▸ **Problem**
Copy the lines below, word for word, from the first through the line containing "Dysk jest bardzo". Leave the pictures out.

[Data excerpts]
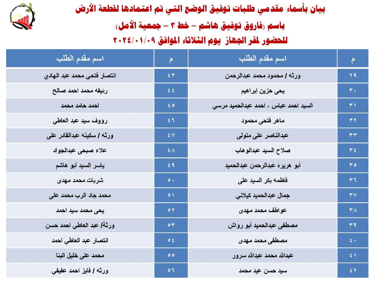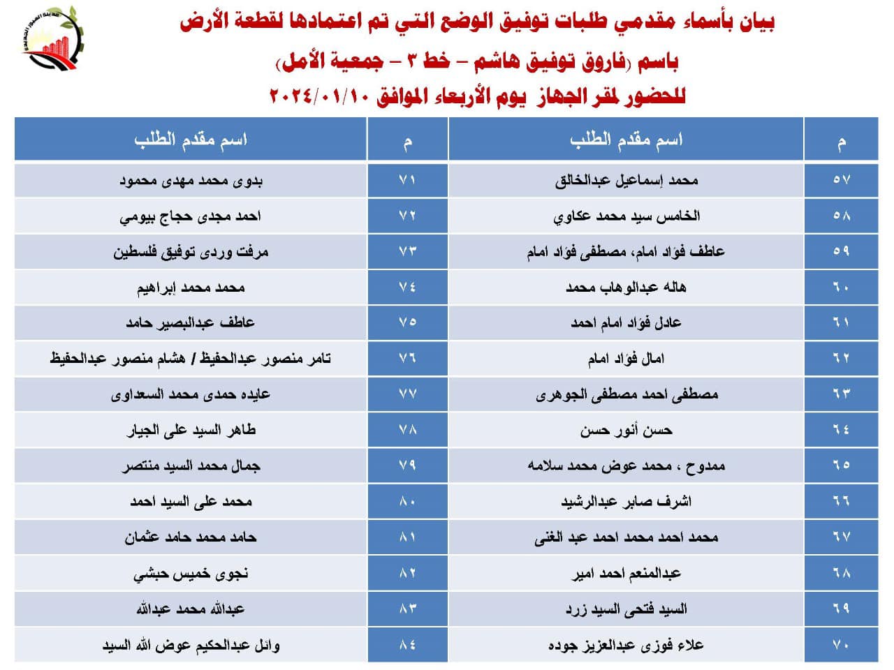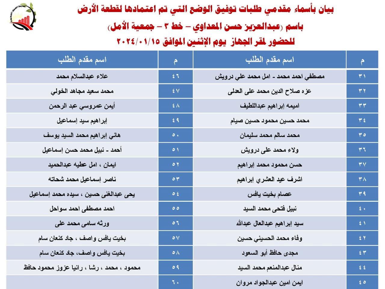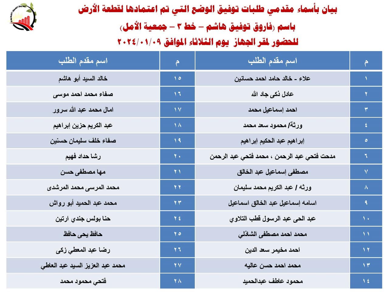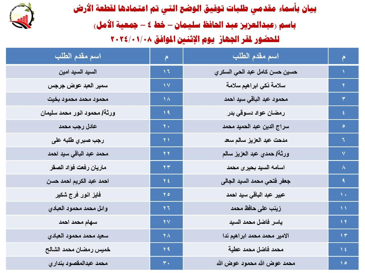 أعلن جهاز مدينة العبور الجديدة أسماء دفعة جديدة من المواطنين، الذين تم اعتماد توفيق الأوضاع لأراضيهم التابعة للمدينة.
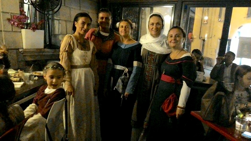Si passa ad un’elegante dama con indosso un abito della seconda metà del XIV secolo composto da una camicia in lino, una veste in lana detta “gonnella” chiusa da bottoni rivestiti della stessa lana e una sopravveste con delle aperture laterali molto ampie conosciute come “finestre del diavolo” perché per gli uomini di chiesa erano fonte di peccato: per le donne erano sinonimo di libertà, negli uomini provocavano pensieri viziosi in quanto lasciavano intravedere le forme del corpo. Sul capo una coroncina di fiori come decorazione ad una semplice treccia.
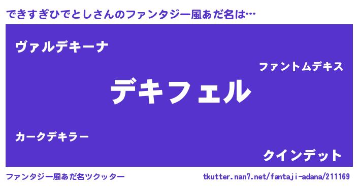 | ヒーロー風カッコイイあだ名 | 『スーパーデキスギヒデトシ』 |
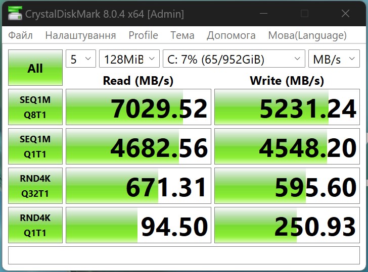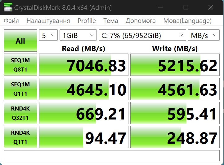 Dysk jest bardzo szybki. Prędkość odczytu sięga 7000 MB/s, a zapisu prawie 5300 MB/s:
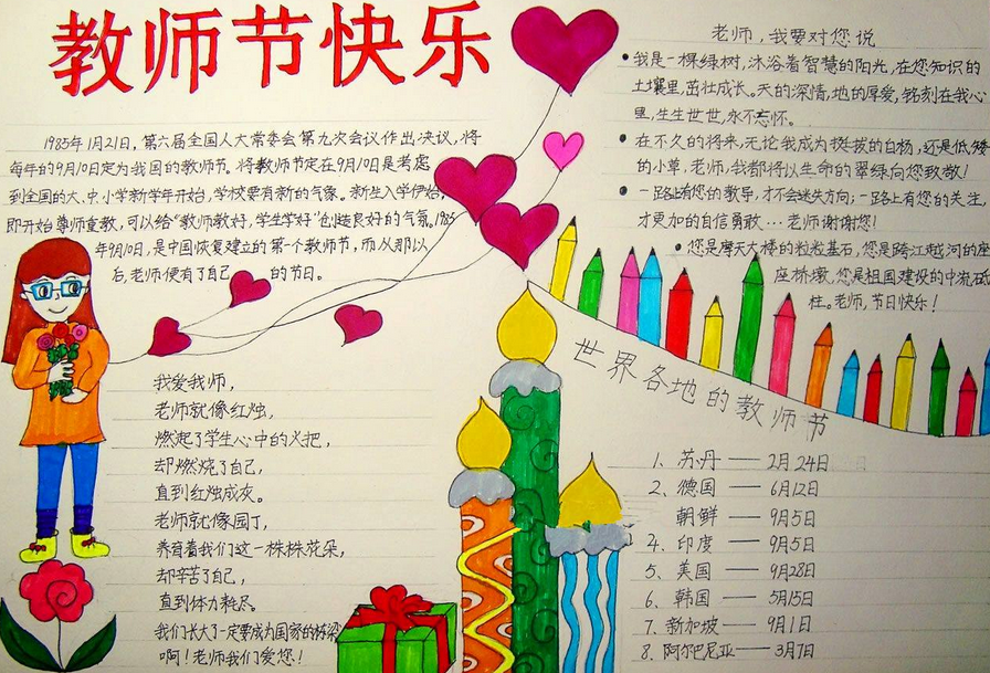 一壶清茶,饮尽半生沧桑风雨;几摞书卷,浓缩岁月多少眷恋。下面是由出国留学网手抄报栏目小编整理的关于教师节的小报,欢迎查看。
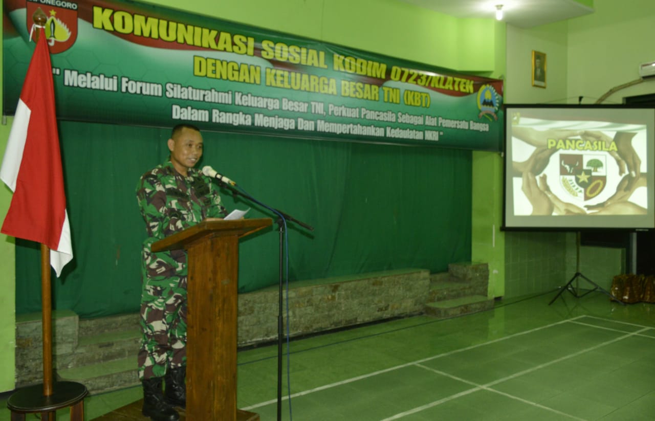 Klaten – Komando Distrik Militer (Kodim) 0723 Klaten menyelenggarakan Komuinikasi Sosial dengan Keluarga Besar TNI (KBT) wilayah Kabupaten Klaten di Aula Makodim 0723 Klaten Jl Pemuda No 08 Klaten dengan tetap mengedepankan protokoler kesehatan covid 19. Kamis (25/03/21)
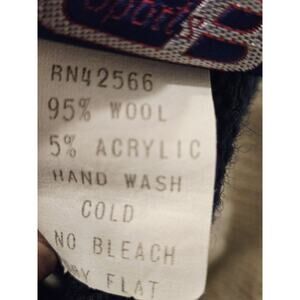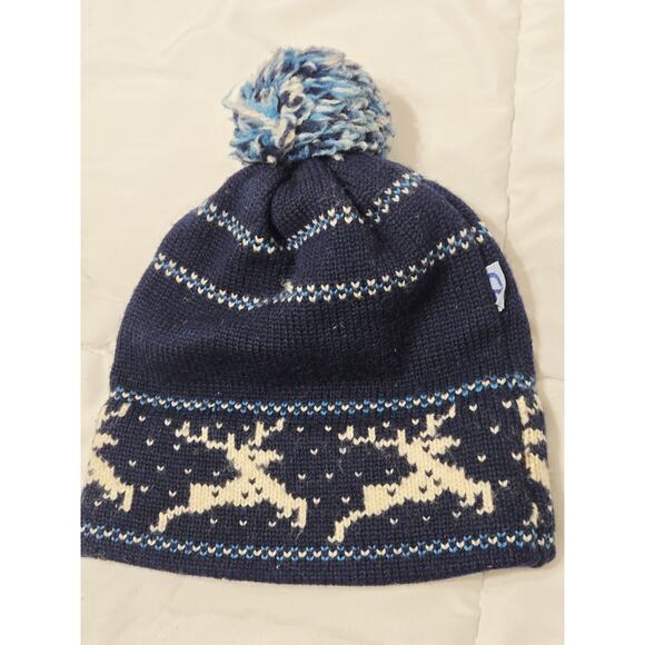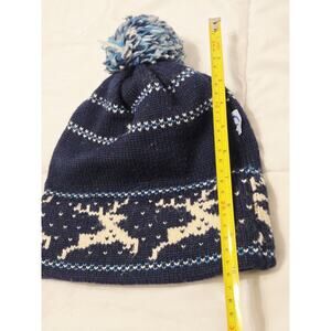 Vtg 70's CB Sports Reindeer Knit Wool Winter Gear Hat Ski Beanie Blue Pom Pom L
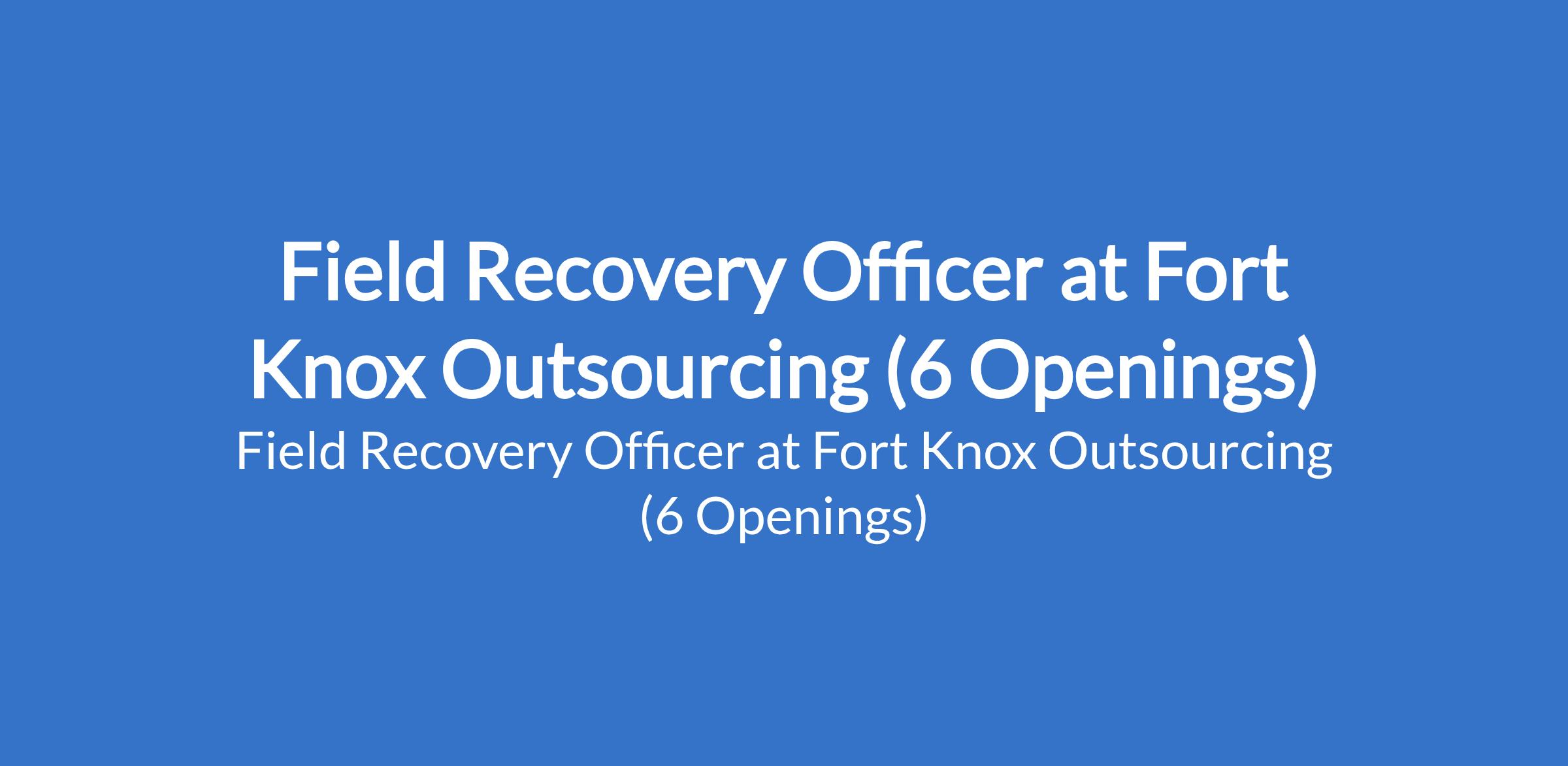 Fort Knox Outsourcing is recruiting to fill the position of: Field Recovery Officer. The position is located in Abuja (FCT), Lagos, Ogun, Ondo, Osun, and Oyo States. Salary: N200,000 - N215,000 per month. Interested candidates should possess a minimum B.Sc / HND / OND qualification with 2 3 years of experience in SME Loan or Merchant Lending.

▸ **Written reply**
 أعلن جهاز مدينة العبور الجديدة أسماء دفعة جديدة من المواطنين، الذين تم اعتماد توفيق الأوضاع لأراضيهم التابعة للمدينة.
Si passa ad un’elegante dama con indosso un abito della seconda metà del XIV secolo composto da una camicia in lino, una veste in lana detta “gonnella” chiusa da bottoni rivestiti della stessa lana e una sopravveste con delle aperture laterali molto ampie conosciute come “finestre del diavolo” perché per gli uomini di chiesa erano fonte di peccato: per le donne erano sinonimo di libertà, negli uomini provocavano pensieri viziosi in quanto lasciavano intravedere le forme del corpo. Sul capo una coroncina di fiori come decorazione ad una semplice treccia.
 | ヒーロー風カッコイイあだ名 | 『スーパーデキスギヒデトシ』 |
 Dysk jest bardzo szybki. Prędkość odczytu sięga 7000 MB/s, a zapisu prawie 5300 MB/s:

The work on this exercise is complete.